How to configure Kafka to have consumers and producers recover from failures when replication is disabled?

We have a use case where data loss is acceptable(think 30-50% loss acceptable). In an effort to reduce costs, we want to know if it is possible to configure Kafka with a replication factor of 1 such that consumers and producer can recover from broker failures by simply consuming and producing from and to available partitions.
If this is possible, what are the configurations that need to be set?
There are other broker technologies that inherently behave this way, however, we would like to avoid the introduction of another technology as kafka is already part of our ecosystem.
If you create a new topic via bin/kafka-topics.sh you need to specify parameter --replication-factor; just set it to 1 to disable replication.
For existing topics, you can change the replication factor using bin/kafka/topics.sh using parameter --alter.
For producers and consumers you might need to do some extra exception handling. For example, if you do specify a dedicated partition when you write a record and the broker is not reachable, you might need to take for of this (maybe just skip this write or whatever is appropriate). But there is no specific configuration you need to set for you clients.

Kafka Producer - By default supports Multithreading?

I am newbie to kafka. I have created sample kafka sync producer and consumergroup programs using kafka_2.9.2-0.8.1.1.
So My question is, do I need to add multithreading code to producer (like consumergroup class has) to support huge number of requests? I read producer send method is thread safe.
So kafka producer will take care of multithreading concepts internally or developer has to code explicitly?
Any help would be highly appreciated.
Thanks,
Cdhar
There are two types of producers available with Kafka. (1) SyncProducer (2) AsyncProducer. If you set the producer.type configuration as async it will uses the AsyncProducers. By default it uses the Synchronous producer class.
Once running in async mode it creates a separate AsyncProducer instance per broker.And each of these AsyncProducer instances maintains its own internal background thread for sending the messages. These are called ProducerSendThread.
So there is one thread running per broker and your parallelism is based on the number of brokers available in the cluster. So adding new brokers in the cluster should provide you the flexibilities to increase the level of parallelism while producing data using Kafka.But remember adding a new broker to your cluster should be considered taking other paramaters also into consideration.

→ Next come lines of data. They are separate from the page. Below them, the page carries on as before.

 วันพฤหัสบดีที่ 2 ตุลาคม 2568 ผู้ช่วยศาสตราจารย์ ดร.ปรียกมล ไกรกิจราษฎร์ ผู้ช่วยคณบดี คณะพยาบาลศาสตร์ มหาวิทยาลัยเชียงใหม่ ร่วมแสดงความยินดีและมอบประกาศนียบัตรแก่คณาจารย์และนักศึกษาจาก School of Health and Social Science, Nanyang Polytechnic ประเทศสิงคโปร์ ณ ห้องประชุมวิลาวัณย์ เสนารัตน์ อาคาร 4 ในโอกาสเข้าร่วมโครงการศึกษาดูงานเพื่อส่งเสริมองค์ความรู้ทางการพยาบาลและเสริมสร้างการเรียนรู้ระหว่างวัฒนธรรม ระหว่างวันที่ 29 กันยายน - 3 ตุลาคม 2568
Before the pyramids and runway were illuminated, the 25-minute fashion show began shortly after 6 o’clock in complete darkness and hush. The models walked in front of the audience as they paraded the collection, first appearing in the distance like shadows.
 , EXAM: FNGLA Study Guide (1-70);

Parallel processing of JMS messages?

Is it possible to create a pool of Message Listeners or a Message Driven Beans to process messages from a JMS queue or topic in parallel ?
I am using JBoss and JBoss's JMS
Yes, if the MDB pool size is greater than one, JBoss should create multiple MDBs to process the messages in parallel.
Absolutely. I've done it with JMS queues to create a multi-server pool of listeners in order to process large numbers of transactions. You can use the Competing Consumers pattern. I used a modified one, since we needed to process messages in order within accounts. We used a lease mechanism to allocate servers to account number ranges, providing failover and scalability.
We were using Tibco's JMS provider, but it works with any JMS provider.